=== Your assignment ===
Word for word, copy the data that follows and skip its pictures.

=== Supplied material ===
++++++++++++++++++++
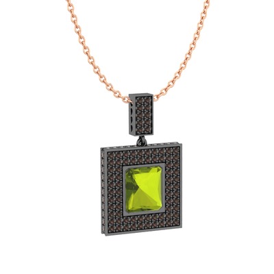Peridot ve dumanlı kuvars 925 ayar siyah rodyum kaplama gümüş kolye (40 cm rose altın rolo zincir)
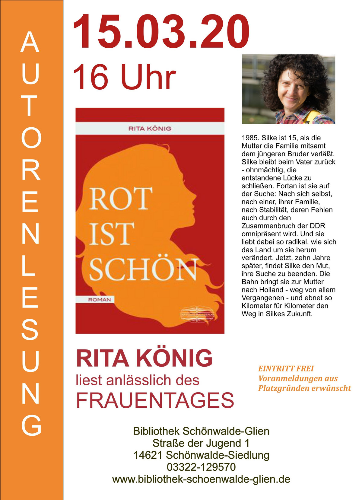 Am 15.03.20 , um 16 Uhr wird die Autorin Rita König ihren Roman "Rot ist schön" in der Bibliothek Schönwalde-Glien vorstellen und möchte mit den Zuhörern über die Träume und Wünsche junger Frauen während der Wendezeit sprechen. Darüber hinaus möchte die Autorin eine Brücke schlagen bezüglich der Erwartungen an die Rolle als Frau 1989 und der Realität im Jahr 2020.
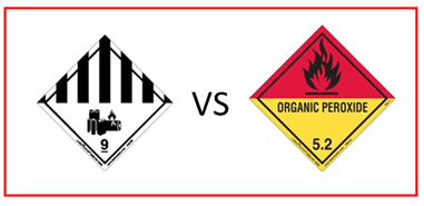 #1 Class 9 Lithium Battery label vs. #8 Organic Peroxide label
++++++++++++++++++++
=== Exercise response ===
Peridot ve dumanlı kuvars 925 ayar siyah rodyum kaplama gümüş kolye (40 cm rose altın rolo zincir)
 Am 15.03.20 , um 16 Uhr wird die Autorin Rita König ihren Roman "Rot ist schön" in der Bibliothek Schönwalde-Glien vorstellen und möchte mit den Zuhörern über die Träume und Wünsche junger Frauen während der Wendezeit sprechen. Darüber hinaus möchte die Autorin eine Brücke schlagen bezüglich der Erwartungen an die Rolle als Frau 1989 und der Realität im Jahr 2020.
 #1 Class 9 Lithium Battery label vs. #8 Organic Peroxide label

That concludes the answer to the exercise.